A recent placebo-controlled study of 386 patients who had been diagnosed with at least two skin cancers – such as basal cell carcinoma and squamous cell carcinoma – in the past five years, showed that taking 500 milligrams twice daily of nicotinamide (not nicotinic acid) reduced the subsequent risk of non-melanoma skin cancers by 23%. When patients stopped taking the supplements, their risk of getting skin cancer rose again about six months later.

A prospective, randomized, double-blind, placebo-controlled study of acitretin 25 mg/day 5 days a week over 2 years did not show any reduction in the development of basal cell carcinoma in patients with a history of multiple basal cell carcinomas 6).

Topical tretinoin and tazarotene have been shown to not be effective in preventing basal cell carcinoma 7).

Basal cell carcinoma complications

Recurrent basal cell carcinoma

Recurrence of basal cell carcinoma after initial treatment is not uncommon. Characteristics of recurrent basal cell carcinoma often include:

  • Incomplete excision or narrow margins at primary excision
  • Morphoeic, micronodular, and infiltrative subtypes
  • Location on head and neck

Advanced basal cell carcinoma

Advanced basal cell carcinomas are large, often neglected tumours.

  • They may be several centimetres in diameter
  • They may be deeply infiltrating into tissues below the skin
  • They are difficult or impossible to treat surgically

Metastatic basal cell carcinoma

  • Very rare
  • Primary tumor is often large, neglected or recurrent, located on head and neck, with aggressive subtype
  • May have had multiple prior treatments
  • May arise in site exposed to ionizing radiation
  • Can be fatal

Basal cell carcinoma symptoms

Basal cell carcinoma is a locally invasive skin tumor. The main characteristics are:

  • Slowly growing plaque or nodule
  • Skin colored, pink or pigmented
  • Varies in size from a few millimetres to several centimetres in diameter
  • Spontaneous bleeding or ulceration

Basal cell carcinoma is very rarely a threat to life. A tiny proportion of basal cell carcinomas grow rapidly, invade deeply, and/or metastasise to local lymph nodes.

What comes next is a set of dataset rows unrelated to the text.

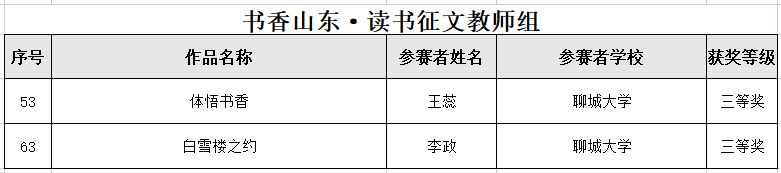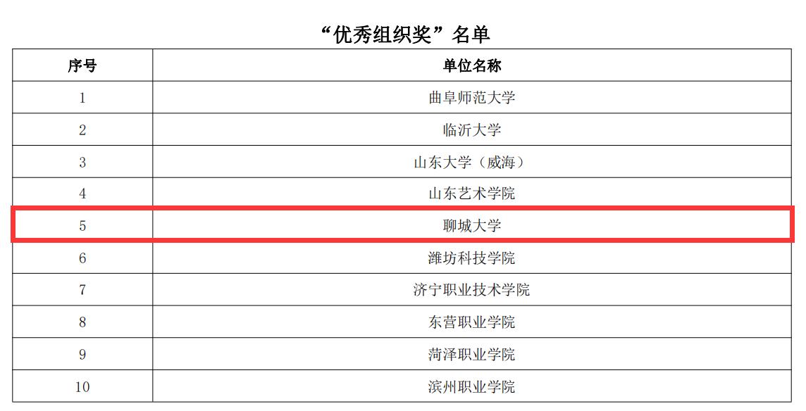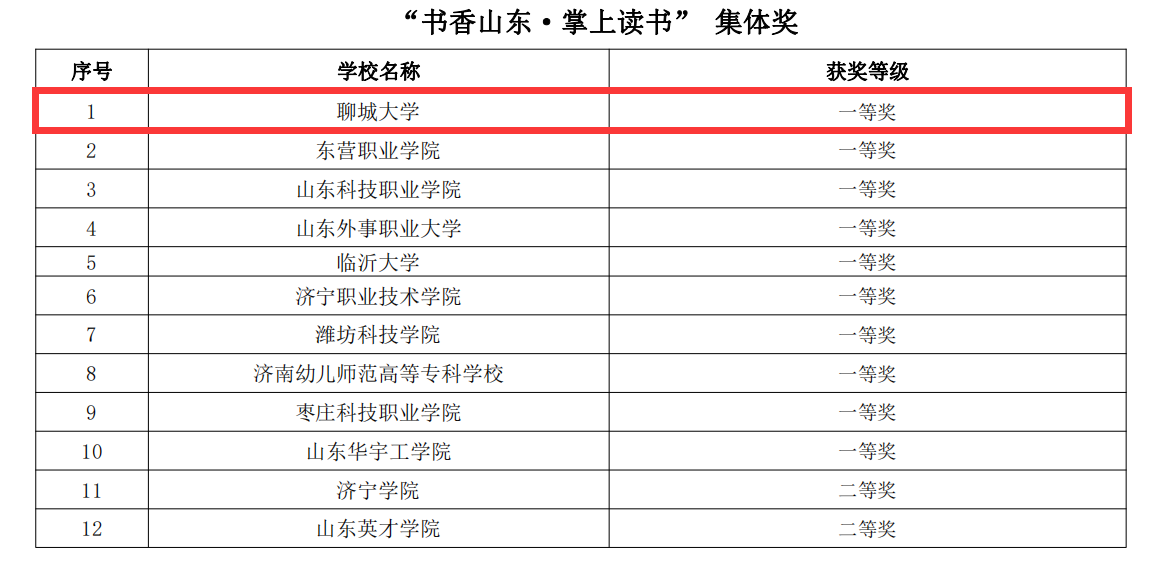 近日,由山东省委宣传部指导,山东省教育厅主办的“山东省高校师生‘奋进新征程 建功新时代’阅读活动”圆满落幕。我校师生在“书香山东·掌上读书”“书香山东·读书征文”“书香山东·经典朗读”三个子活动中均表现突出,斩获佳绩,共获一等奖9项,二等奖4项,三等奖3项。学校荣获“优秀组织奖”“书香山东·掌上读书”集体奖一等奖。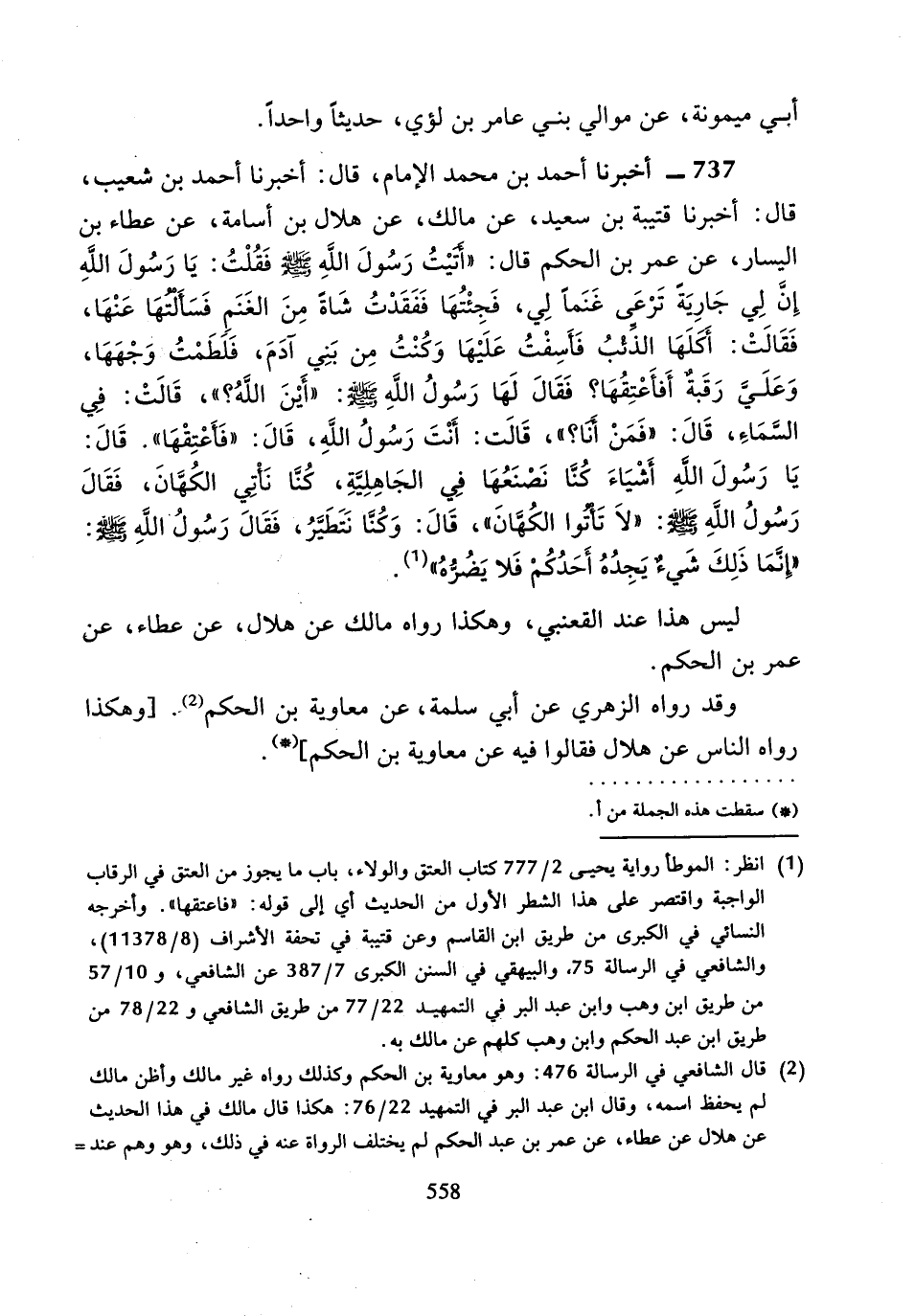 737 - أَخْبَرَنَا أَحْمَدُ بْنُ مُحَمَّدٍ الإِمَامُ، قَالَ: أَخْبَرَنَا أَحْمَدُ بْنُ شُعَيْبٍ، قَالَ: أَخْبَرَنَا قُتَيْبَةُ بْنُ سَعِيدٍ، عَنْ مَالِكٍ، عَنْ هِلالِ بْنِ أُسَامَةَ، عَنْ عَطَاءِ بْنِ الْيَسَارِ، عَنْ عُمَرَ بْنِ الْحَكَمِ، قَالَ: " أَتَيْتُ رَسُولَ اللَّهِ صَلَّى اللَّهُ عَلَيْهِ وَسَلَّمَ، فَقُلْتُ: يَا رَسُولَ اللَّهِ، إِنَّ لِي جَارِيَةً تَرْعَى غَنَمًا لِي، فَجِئْتُهَا، فَفَقَدَتْ شَاةً مِنَ الْغَنَمِ، فَسَأَلْتُهَا عَنْهَا، فَقَالَتْ: أَكَلَهَا الذِّئْبُ، فَأَسِفْتُ عَلَيْهَا، وَكُنْتُ مِنْ بَنِي آدَمَ، فَلَطَمْتُ وَجْهَهَا، وَعَليَّ رَقَبَةٌ أَفَأَعْتِقُهَا؟ فَقَالَ لَهَا رَسُولُ اللَّهِ صَلَّى اللَّهُ عَلَيْهِ وَسَلَّمَ: أَيْنَ اللَّهُ؟، فَقَالَتْ: فِي السَّمَاءِ.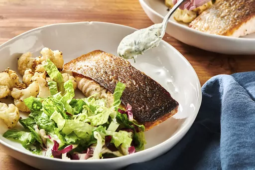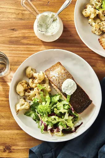 Pair your fish with a cool and creamy dill sauce and a couple of simple sides, and you have a restaurant-worthy meal in the comfort of home. Suggested sides include roasted cauliflower, a simple green lettuce salad, or roasted asparagus and a couscous salad.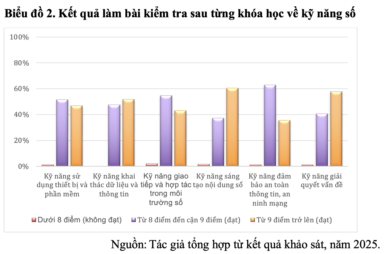 Thông qua khảo sát kết quả kiểm tra các khóa học về kiến thức số cơ bản trong phong trào “bình dân học vụ số”, đa số học viên đều hoàn thành bài kiểm tra trong lần thực hiện đầu tiên. Có hơn 61,7% học viên đạt từ 8 điểm đến cận 9 điểm và có 37,5% học viên đạt từ 9 điểm trở lên ở mỗi bài kiểm tra đối với từng khóa học về kiến thức số. Thông qua kết quả cho thấy, đa số các học viên đã hiểu rõ tầm quan trọng của việc học tập kiến thức số, từ đó, kiên trì, chủ động, tự giác trong quá trình học tập các khóa học.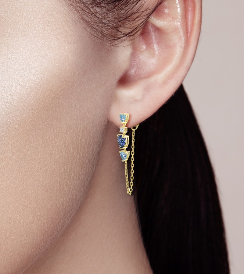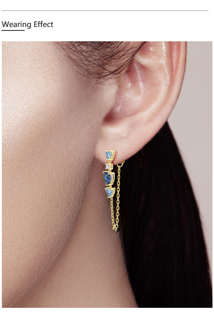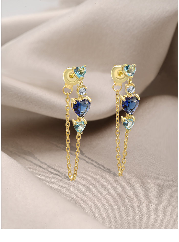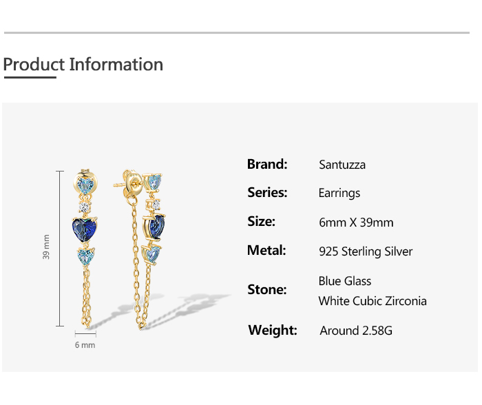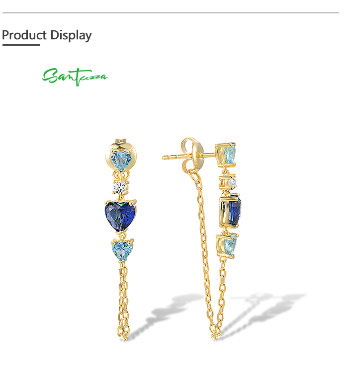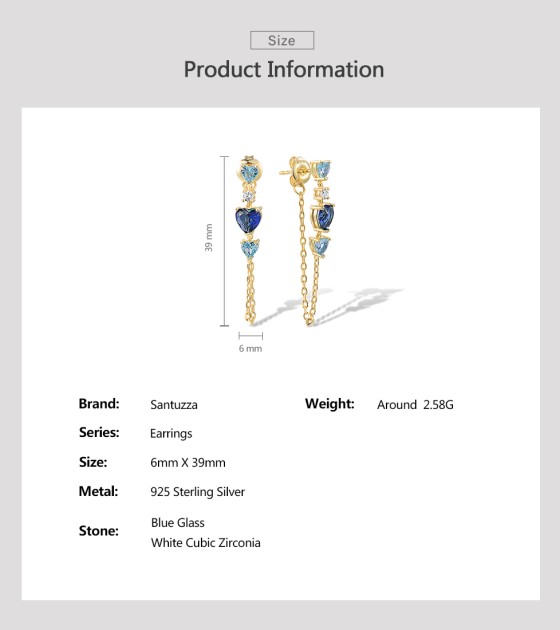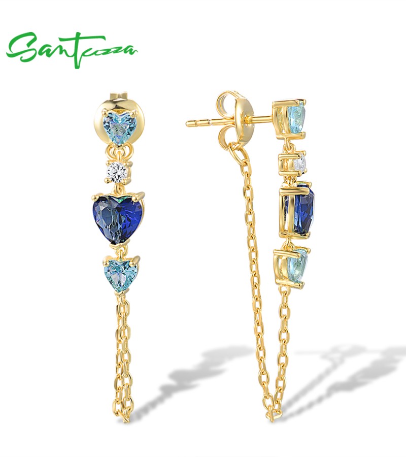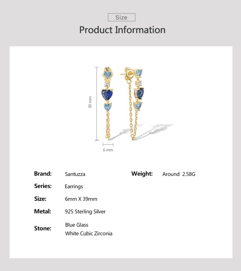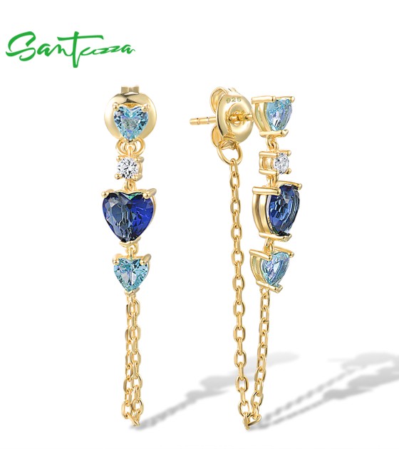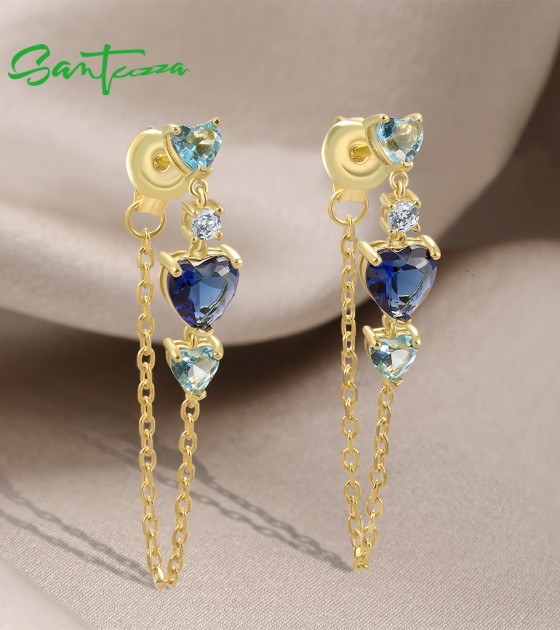 SANTUZZA 925 Sterling Silver Earrings Blue Heart Stones Long Thread Dangling Earrings Fine Jewelry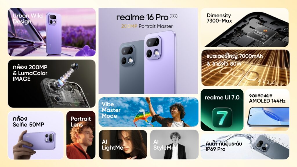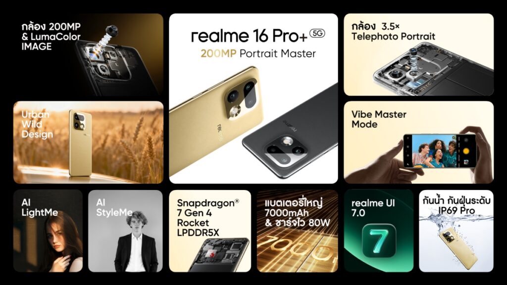 สำหรับ realme 16 Pro 5G รุ่นกลางของซีรีส์ มาพร้อมกล้อง 200MP LumaColor ชุดเดียวกับรุ่นพี่ ใช้เซ็นเซอร์ Samsung HP5 ระบบกันสั่น Super OIS และ Golden Portrait Lens Kit ครบ 5 ระยะ พร้อมเทคโนโลยีเบลอฉากหลังระดับเส้นผมและมิติภาพแบบ 3D รองรับการบันทึกวิดีโอ 4K HDR ทั้งเลนส์ 1x และ 2× มี AI Instant Clip สร้างไฮไลต์คลิปอัตโนมัติ ขับเคลื่อนด้วยชิปเซ็ต Dimensity 7300-Max 5G ที่ทำคะแนน AnTuTu ทะลุ 970,000 คะแนน จับคู่แบตเตอรี่ Titan 7000mAh พร้อม AI Long-life Battery และ All-Scenario Bypass Charging ลดความร้อนขณะชาร์จ ผ่านมาตรฐานกันน้ำกันฝุ่น IP69 หน้าจอ AMOLED ขนาด 6.78 นิ้ว ความละเอียด 1.5K รีเฟรชเรต 144Hz ความสว่าง 6,500nit รองรับสีสูงถึง 1.07 พันล้านสี ดีไซน์ยังคงปรัชญา Urban Wild ของ “นาโอโตะ ฟุคาซาวะ” ผ่านสี Pebble Grey และ Orchid Purple พร้อมผิวสัมผัส Velvet Matte ระดับพรีเมียม
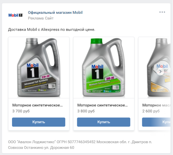 Одним из наиболее распространенных форматов рекламы в VK является карусель. Этот вариант подходит для продвижения товаров и услуг: в публикации можно показать несколько фото, указать цену и добавить кнопки для перехода на внешний сайт.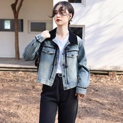 韓国 デニムジャケット レディース 新中式上着2024春の新型ぶつかり色ショート丈ジャケット トップス アウター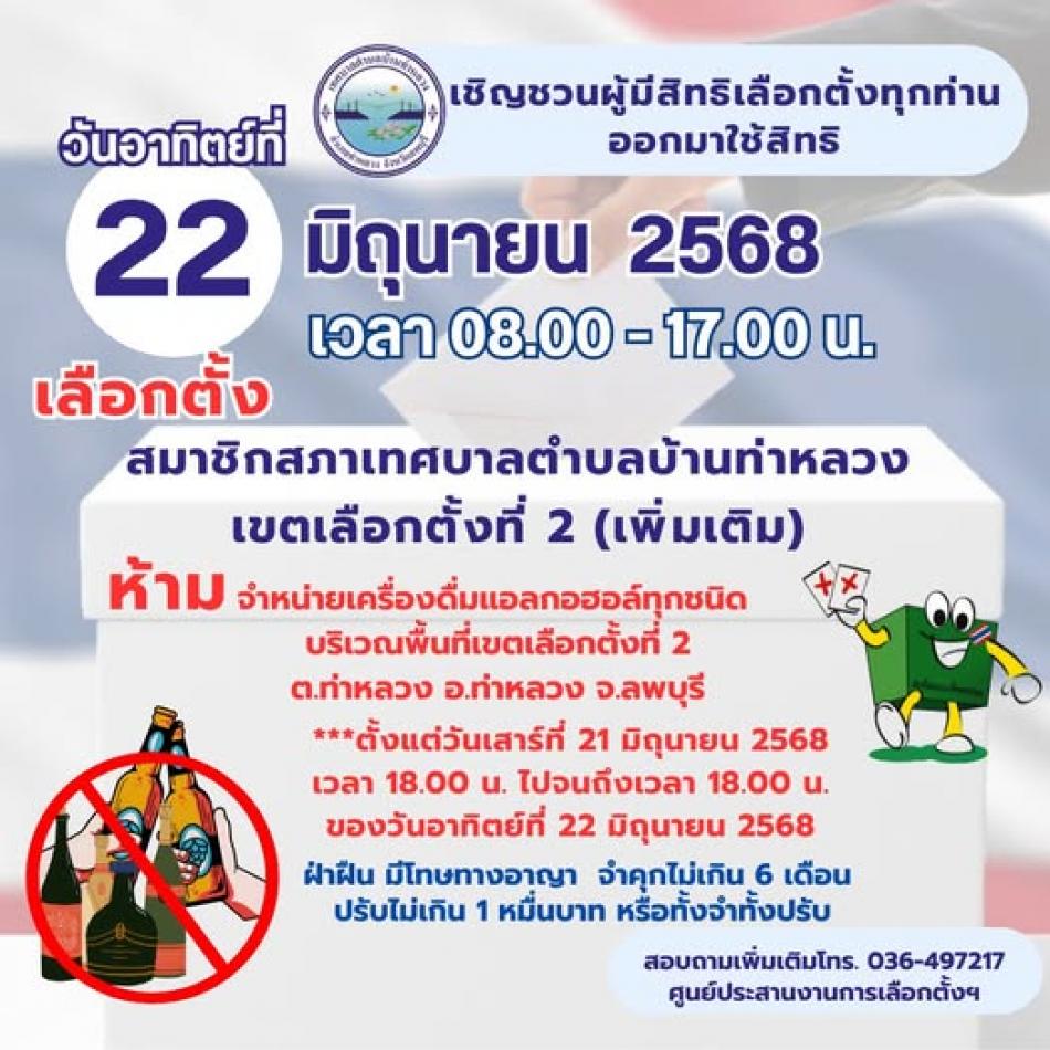 ขอเชิญชวนผู้มีสิทธิ์เลือกตั้ง มาใช้สิทธิ์ เลือกตั้งสมาชิกสภาเทศบาลตำบลบ้านท่าหลวงเขตเลือกตั้งที่ 2 (เพิ่มเติม) ในวันอาทิตย์ที่ 22 มิถุนายน 2568 [10 มิถุนายน 2568]

If left for years, a basal cell carcinoma (basal cell carcinoma) may become quite large (see Figure 10 below). Metastasis is still relatively uncommon, but may occur. The term “locally advanced basal cell carcinoma” has been used for these large basal cell carcinomas that present a treatment challenge and may potentially metastasize. It has been estimated several thousand people die each year in the US from basal cell carcinoma. Unfortunately, patients with these neglected skin carcinomas commonly have been seen by multiple physicians and received a long list of topical medications before reaching the right diagnosis 8).

Figure 11. Basal cell carcinoma (untreated)

basal cell carcinoma - large untreated
basal cell carcinoma on foot - untreated

Basal cell carcinoma prognosis

Most basal cell carcinomas are cured by treatment. Cure is most likely if treatment is undertaken when the lesion is small.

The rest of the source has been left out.